NASIONAL
Menjawab Tantangan Energi Masa Depan
detail.id/, Jakarta – Indonesia diperkirakan akan menghadapi krisis energi pada 2050. Untuk itu, sedang dilakukan langkah persiapan dengan mencari energi alternatif untuk mengatasi cadangan energi fosil yang semakin menipis. Namun, pemanfaatan energi baru terbarukan (EBT) sebagai energi alternatif belum optimal.
“Padahal sumber energi baru terbarukan tersebar di seluruh wilayah Indonesia.
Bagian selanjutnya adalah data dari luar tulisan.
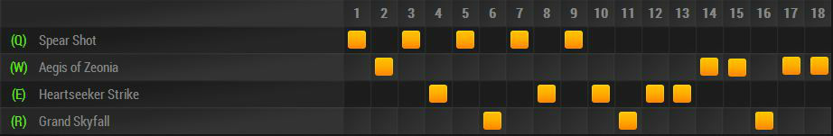 Maxing Spear Shot is always top priority. Not only does this help you clear the camps faster, but it deals tremendous amounts of burst damage when ganking. It also serves as a great finisher when the opponent flashes away, due to its decent range. Since Aegis of Zeonia's stun duration is the same at all levels, Heartseeker Strike is a next one of max out.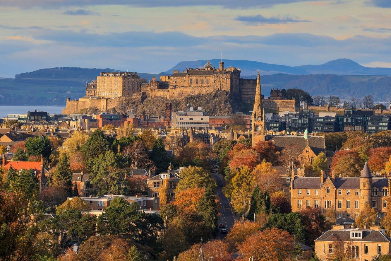 Dù nằm ở Scotland, Edinburgh vẫn thường được nhắc đến như một điểm đến không thể thiếu khi nói về các địa điểm ngắm lá vàng ở Anh. Thành phố cổ kính này nổi tiếng với những lâu đài, con phố lát đá và công viên rộng lớn. Vào mùa thu, sắc vàng của lá phủ kín khắp nơi, tạo nên một bức tranh thiên nhiên hòa quyện với nét đẹp lịch sử.

EBT berada pada kisaran lebih dari 400 gigawatt, tapi baru termanfaatkan 10 gigawatt atau 2,5 persen,” ujar Menteri Energi dan Sumber Daya Mineral (ESDM), Arifin Tasrif, dalam acara Tempo Energy Day 2020 yang berlangsung virtual selama dua hari, 21-22 Oktober 2020.
Melansir tempo.co 27 Oktober 2020, dari total kapasitas sumber energi saat ini sebesar 70 gigawatt, EBT hanya 10,9 persen. Sisanya sebanyak 19,5 persen mengandalkan gas bumi, 35 persen batu bara dan minyak bumi sebesar 34,8 persen. Porsi ini diharapkan berubah menjadi 23 persen pada 2025, lalu meningkat hingga 31 persen pada 2050.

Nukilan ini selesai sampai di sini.